[Data items]
*** Block opens ***
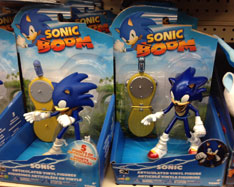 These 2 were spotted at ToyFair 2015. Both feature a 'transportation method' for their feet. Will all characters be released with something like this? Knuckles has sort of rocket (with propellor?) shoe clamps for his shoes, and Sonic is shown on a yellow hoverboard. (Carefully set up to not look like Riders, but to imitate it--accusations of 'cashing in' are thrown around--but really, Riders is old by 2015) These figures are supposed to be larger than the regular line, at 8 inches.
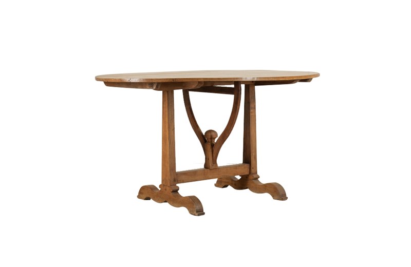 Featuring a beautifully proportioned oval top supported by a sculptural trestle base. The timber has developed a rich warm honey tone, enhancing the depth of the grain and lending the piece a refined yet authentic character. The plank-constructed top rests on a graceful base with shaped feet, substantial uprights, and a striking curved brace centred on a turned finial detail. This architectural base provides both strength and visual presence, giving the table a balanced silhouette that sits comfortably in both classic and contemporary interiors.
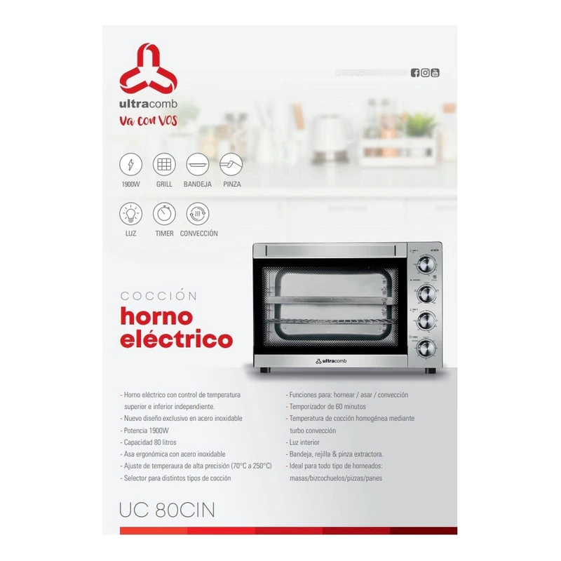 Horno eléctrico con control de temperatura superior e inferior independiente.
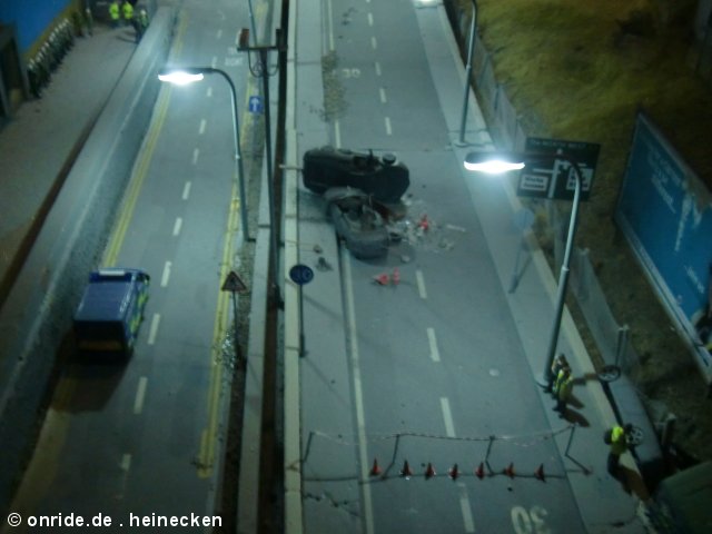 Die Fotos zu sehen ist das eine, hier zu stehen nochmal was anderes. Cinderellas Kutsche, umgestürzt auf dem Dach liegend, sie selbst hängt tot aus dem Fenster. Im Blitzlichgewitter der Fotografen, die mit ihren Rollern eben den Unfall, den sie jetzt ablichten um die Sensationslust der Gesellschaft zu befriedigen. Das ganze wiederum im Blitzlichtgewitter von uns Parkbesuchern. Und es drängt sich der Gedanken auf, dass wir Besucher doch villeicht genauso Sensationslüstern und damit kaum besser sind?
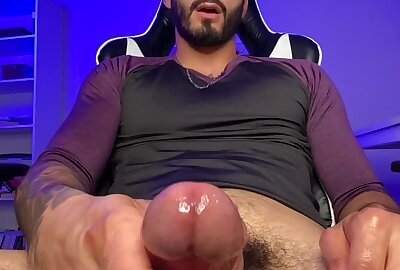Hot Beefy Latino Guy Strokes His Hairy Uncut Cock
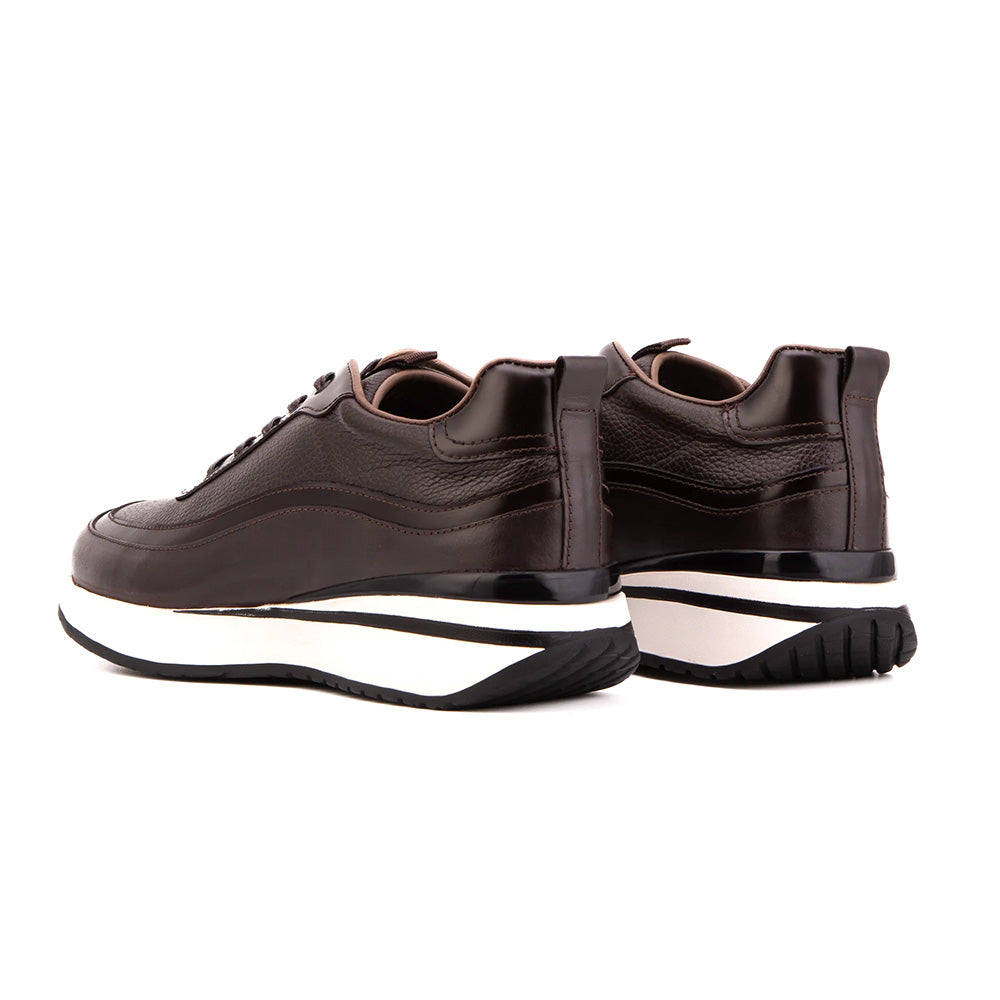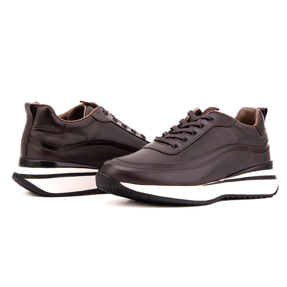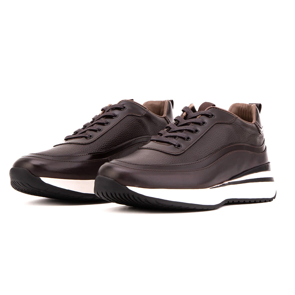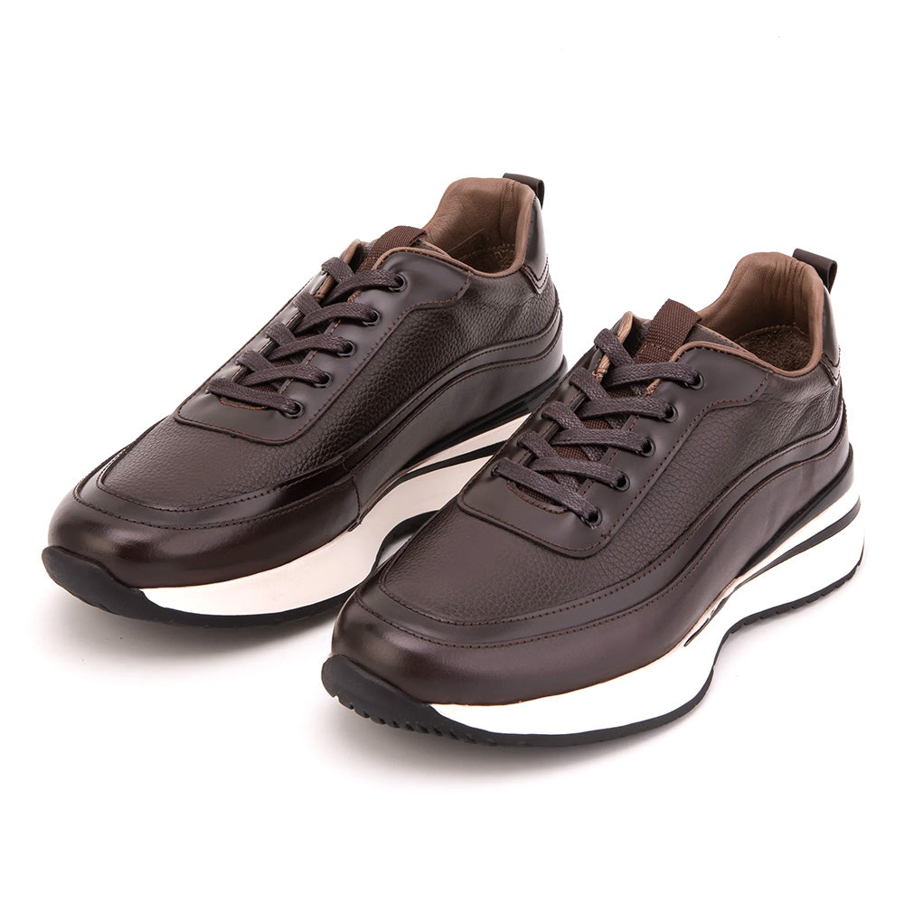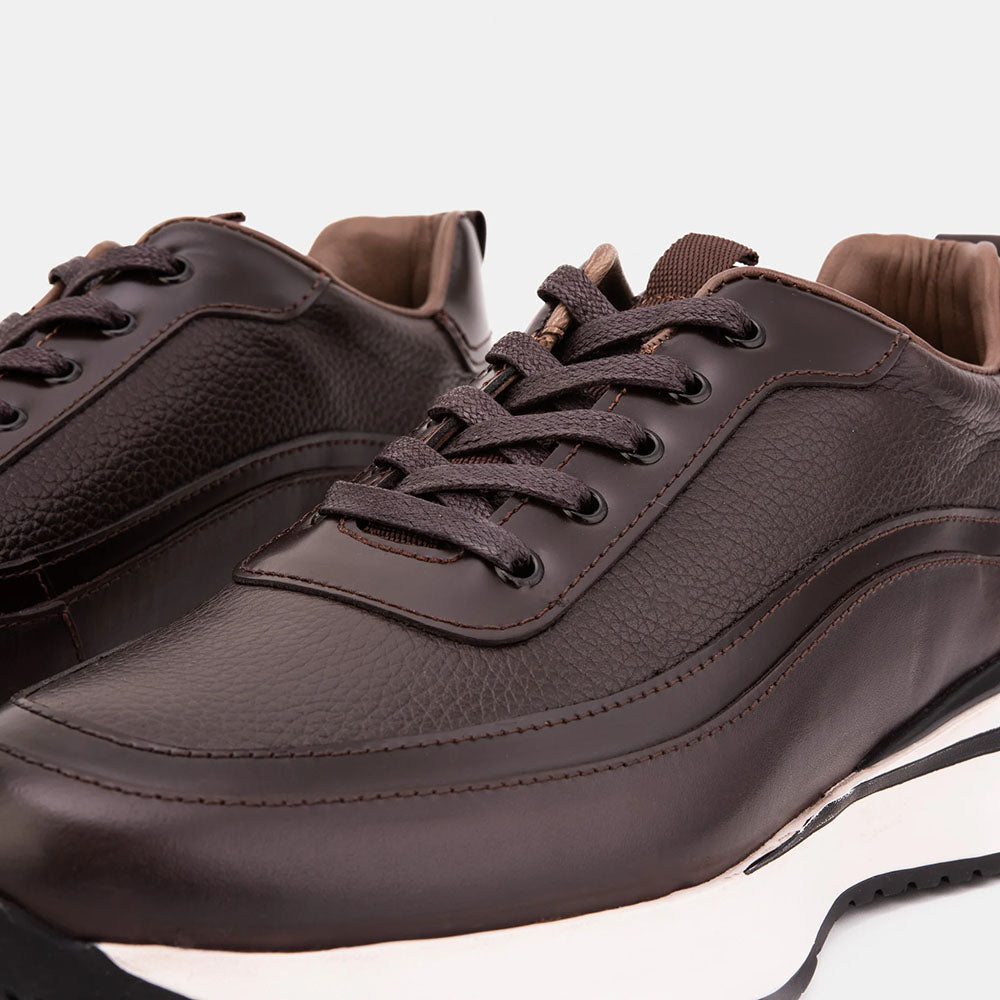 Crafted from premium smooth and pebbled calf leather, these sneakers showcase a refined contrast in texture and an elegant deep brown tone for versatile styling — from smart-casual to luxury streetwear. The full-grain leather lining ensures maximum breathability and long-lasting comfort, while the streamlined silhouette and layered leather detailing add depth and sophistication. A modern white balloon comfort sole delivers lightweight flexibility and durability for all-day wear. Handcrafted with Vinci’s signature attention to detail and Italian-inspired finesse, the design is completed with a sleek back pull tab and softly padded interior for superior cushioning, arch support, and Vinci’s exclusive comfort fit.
*** Block closes ***
The answer should consist of all the records, duplicated exactly, with no images included.

 These 2 were spotted at ToyFair 2015. Both feature a 'transportation method' for their feet. Will all characters be released with something like this? Knuckles has sort of rocket (with propellor?) shoe clamps for his shoes, and Sonic is shown on a yellow hoverboard. (Carefully set up to not look like Riders, but to imitate it--accusations of 'cashing in' are thrown around--but really, Riders is old by 2015) These figures are supposed to be larger than the regular line, at 8 inches.
 Featuring a beautifully proportioned oval top supported by a sculptural trestle base. The timber has developed a rich warm honey tone, enhancing the depth of the grain and lending the piece a refined yet authentic character. The plank-constructed top rests on a graceful base with shaped feet, substantial uprights, and a striking curved brace centred on a turned finial detail. This architectural base provides both strength and visual presence, giving the table a balanced silhouette that sits comfortably in both classic and contemporary interiors.
 Horno eléctrico con control de temperatura superior e inferior independiente.
 Die Fotos zu sehen ist das eine, hier zu stehen nochmal was anderes. Cinderellas Kutsche, umgestürzt auf dem Dach liegend, sie selbst hängt tot aus dem Fenster. Im Blitzlichgewitter der Fotografen, die mit ihren Rollern eben den Unfall, den sie jetzt ablichten um die Sensationslust der Gesellschaft zu befriedigen. Das ganze wiederum im Blitzlichtgewitter von uns Parkbesuchern. Und es drängt sich der Gedanken auf, dass wir Besucher doch villeicht genauso Sensationslüstern und damit kaum besser sind?
Hot Beefy Latino Guy Strokes His Hairy Uncut Cock
 Crafted from premium smooth and pebbled calf leather, these sneakers showcase a refined contrast in texture and an elegant deep brown tone for versatile styling — from smart-casual to luxury streetwear. The full-grain leather lining ensures maximum breathability and long-lasting comfort, while the streamlined silhouette and layered leather detailing add depth and sophistication. A modern white balloon comfort sole delivers lightweight flexibility and durability for all-day wear. Handcrafted with Vinci’s signature attention to detail and Italian-inspired finesse, the design is completed with a sleek back pull tab and softly padded interior for superior cushioning, arch support, and Vinci’s exclusive comfort fit.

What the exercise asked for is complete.